201907-119687
2019
Fidelis Care New York
Medicaid
Mental Health
Mental Health: Inpatient
Medical necessity
Overturned
Case Summary
The patient is a single female with a diagnosis of major depressive disorder, recurrent, severe, without psychosis (MDDR), and generalized anxiety disorder (GAD) with panic disorder (PD). Records document that for about two or more weeks prior to admission the patient was decompensating with worsening depressive symptoms. She experienced suicidal ideation with a plan to hang herself. Her depressive symptoms worsened to the point of functional impairment: she was not able to work, often calling in sick. Her symptoms included increased crying, anxiety, panic with shortness of breath, helplessness, hopelessness, decreased concentration and insomnia. She lost 20 lbs. She has a positive family history for substance use disorder. She was being cared for by an outpatient provider for six years and was taking her medications but had not experienced improvement despite a long list of medications tried, including Prozac, Abilify, Latuda, Paxil, Wellbutrin, Lexapro, Celexa, Effexor, Zoloft, and Cymbalta which were all found to be ineffective.
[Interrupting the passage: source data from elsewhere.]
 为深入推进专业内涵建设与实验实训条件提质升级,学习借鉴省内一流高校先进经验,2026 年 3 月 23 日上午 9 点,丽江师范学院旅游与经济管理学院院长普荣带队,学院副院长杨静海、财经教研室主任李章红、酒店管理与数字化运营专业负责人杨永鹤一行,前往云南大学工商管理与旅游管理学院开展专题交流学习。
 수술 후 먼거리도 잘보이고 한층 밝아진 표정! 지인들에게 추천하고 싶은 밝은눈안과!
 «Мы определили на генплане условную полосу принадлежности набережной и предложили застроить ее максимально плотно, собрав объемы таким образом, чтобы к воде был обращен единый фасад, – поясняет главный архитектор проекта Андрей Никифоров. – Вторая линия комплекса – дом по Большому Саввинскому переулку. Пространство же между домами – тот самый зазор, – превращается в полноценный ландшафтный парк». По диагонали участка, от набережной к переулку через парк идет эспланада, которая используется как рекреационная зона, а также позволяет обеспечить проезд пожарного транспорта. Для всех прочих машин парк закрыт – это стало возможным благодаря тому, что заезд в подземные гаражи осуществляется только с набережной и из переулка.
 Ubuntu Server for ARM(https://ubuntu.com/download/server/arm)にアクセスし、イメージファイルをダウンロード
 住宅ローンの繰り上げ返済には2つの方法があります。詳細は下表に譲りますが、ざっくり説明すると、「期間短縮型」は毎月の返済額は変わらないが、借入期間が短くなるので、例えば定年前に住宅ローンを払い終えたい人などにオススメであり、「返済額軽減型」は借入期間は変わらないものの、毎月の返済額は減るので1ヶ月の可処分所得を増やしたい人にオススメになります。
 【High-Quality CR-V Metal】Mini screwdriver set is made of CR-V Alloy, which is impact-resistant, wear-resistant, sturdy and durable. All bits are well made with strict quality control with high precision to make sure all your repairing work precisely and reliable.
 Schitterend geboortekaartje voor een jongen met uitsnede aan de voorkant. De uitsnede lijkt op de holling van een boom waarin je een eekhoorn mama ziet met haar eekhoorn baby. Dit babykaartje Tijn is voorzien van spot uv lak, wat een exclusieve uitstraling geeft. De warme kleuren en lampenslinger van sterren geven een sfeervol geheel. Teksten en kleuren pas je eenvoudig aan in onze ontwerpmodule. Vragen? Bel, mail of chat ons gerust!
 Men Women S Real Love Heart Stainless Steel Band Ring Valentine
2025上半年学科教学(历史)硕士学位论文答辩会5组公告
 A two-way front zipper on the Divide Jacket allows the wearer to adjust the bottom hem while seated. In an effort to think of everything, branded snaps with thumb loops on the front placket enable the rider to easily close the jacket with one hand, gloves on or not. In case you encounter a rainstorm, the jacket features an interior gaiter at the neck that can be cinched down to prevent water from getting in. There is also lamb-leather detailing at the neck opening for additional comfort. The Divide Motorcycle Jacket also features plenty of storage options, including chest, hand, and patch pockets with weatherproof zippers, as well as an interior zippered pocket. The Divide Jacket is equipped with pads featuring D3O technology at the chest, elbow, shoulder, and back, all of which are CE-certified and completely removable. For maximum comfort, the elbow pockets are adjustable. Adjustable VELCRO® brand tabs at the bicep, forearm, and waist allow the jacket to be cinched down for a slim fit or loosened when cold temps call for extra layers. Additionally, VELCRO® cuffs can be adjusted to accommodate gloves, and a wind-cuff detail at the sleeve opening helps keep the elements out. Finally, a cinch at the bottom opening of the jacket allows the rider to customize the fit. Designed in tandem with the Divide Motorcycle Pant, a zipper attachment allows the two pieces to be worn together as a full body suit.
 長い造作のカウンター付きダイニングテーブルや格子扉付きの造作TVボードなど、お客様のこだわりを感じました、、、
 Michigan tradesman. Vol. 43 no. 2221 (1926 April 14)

She has a long history of substance use, and at the time of this admission, was on Suboxone for opiate use disorder (OUD). In the past she suffered from alcohol use disorder and cannabis use disorder. She is more vulnerable because of a history of two rapes. In the past she required two prior psychiatric admissions for her depressive disorder. Her inpatient hospital treatment included medication , supportive therapy, and an urgent assessment for electroconvulsive therapy (ECT) which was deemed of probable help and scheduled to be received on an outpatient basis. Her inpatient medications included Suboxone, Lexapro, trazodone, and Wellbutrin.
The health plan's determination is overturned.
Yes, the requested health treatment of inpatient psychiatric hospital admission was medically necessary for this patient based on the information and reasoning above. This admission reflects good clinical judgment and is in accord with current standards of best treatment, and with the medical literature.
This patient was rapidly decompensating in her depressive and anxiety symptoms with substantial functional impairment and little social support. She has a chronic and severe illness. She had a specific suicide plan shortly before admission. She required two past hospitalizations. She is in recovery from opiate use disorder and is on Suboxone; vulnerable to return to use of opiates, alcohol, or cannabis to improve her mood and her pain. This is especially true in view of her lack of effective response to multiple medication trials. Of special import for understanding the severity of her MDDR is her 20 lb. weight loss and vegetative symptoms noted by the ECT consultant. The consultant also noted possible mixed bipolar features, often difficult to diagnose and treat. Asberg in her studies of MDD has found that substantial weight loss is a sign of serious depressive illnesses. This hospitalization was brief and strategic and served its purpose. Trying to treat this patient on an outpatient basis had a significant possibility of morbidity or mortality for outcome.